En règle générale, les récessions surviennent après des périodes de croissance économique. Plusieurs facteurs peuvent être à l’origine des récessions, notamment :

  • l’inflation,
  • les troubles politiques
  • et la réduction des dépenses.

Certaines récessions sont légères tandis que d’autres sont graves. Les événements qui surviennent au cours d’une récession ne sont pas positifs : les pertes d’emploi, l’augmentation du chômage et les baisses de production accompagnent souvent les récessions.

Lors d’une récession, il y a également une diminution générale de la demande de biens et de services, ce qui entraîne un ralentissement de la croissance économique. Cela peut provoquer une baisse des bénéfices pour les entreprises, poussant certaines d’entre elles à réduire leurs dépenses en licenciant des employés ou en limitant les investissements.

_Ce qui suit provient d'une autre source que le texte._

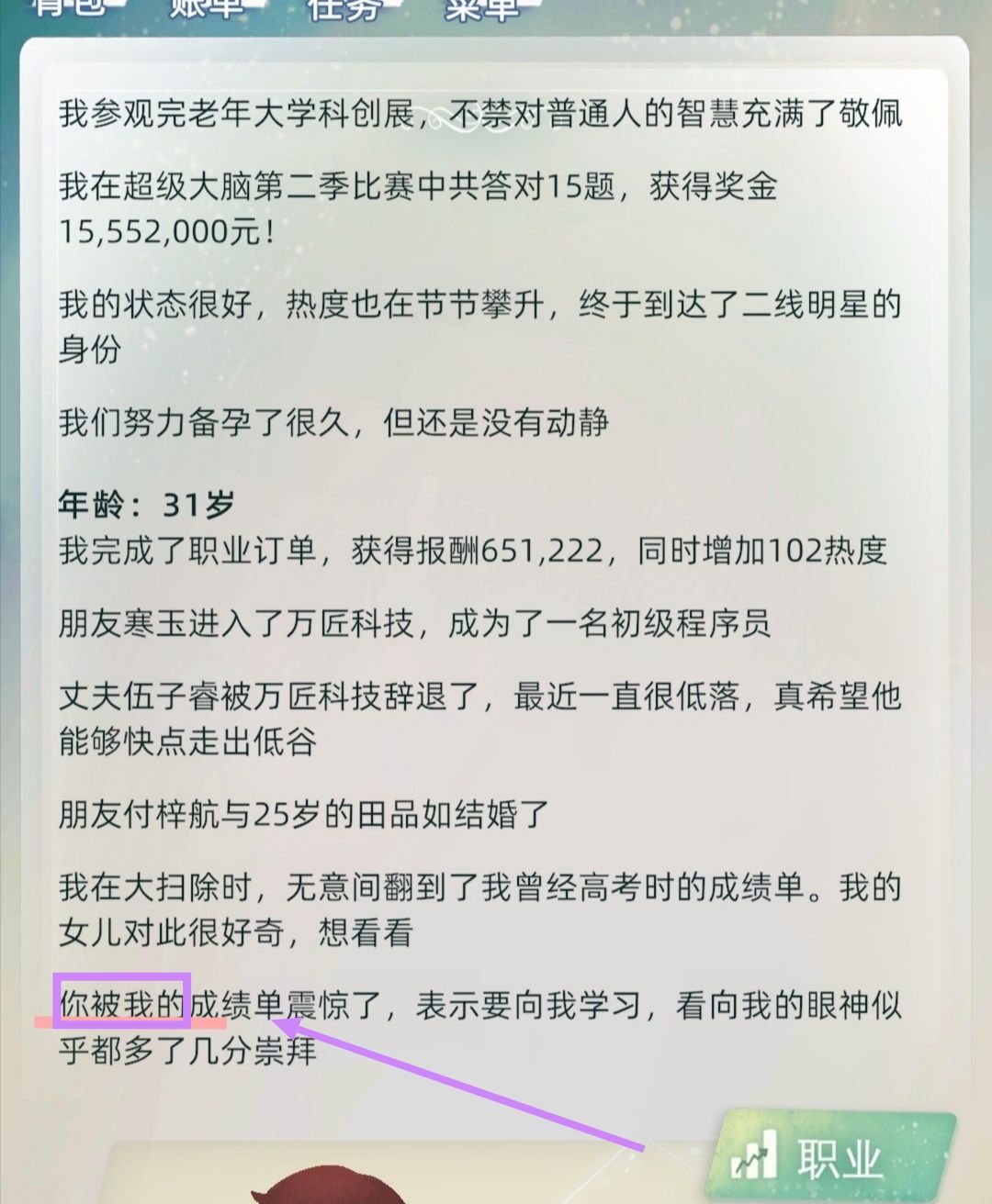 最后,贴一个遇到的文案怪怪的,感觉应该是文案显示有误。图中紫色框的地方“你被我的成绩单惊呆了”,应该是“女儿被我以前的成绩单惊呆了”或者是“xxx被我以前的成绩单惊呆了”。

De plus, la confiance des consommateurs et des entreprises peut être sérieusement ébranlée, ce qui accentue encore le ralentissement de l’économie. En effet, face à l’incertitude économique, les consommateurs sont plus susceptibles d’épargner plutôt que de dépenser, et les entreprises sont réticentes à investir dans de nouveaux projets ou produits.

Les investissements étrangers peuvent également diminuer pendant une récession, car les investisseurs ont tendance à privilégier les marchés plus stables. Cela peut avoir un impact négatif sur la valeur de la monnaie d’un pays et aggraver les problèmes économiques existants.

Enfin, pendant une récession, le gouvernement peut intervenir pour tenter de stimuler l’économie. Ces interventions peuvent prendre différentes formes, allant de la réduction des taux d’intérêt pour encourager les emprunts et les dépenses, à l’augmentation des dépenses publiques pour stimuler la demande et créer de l’emploi.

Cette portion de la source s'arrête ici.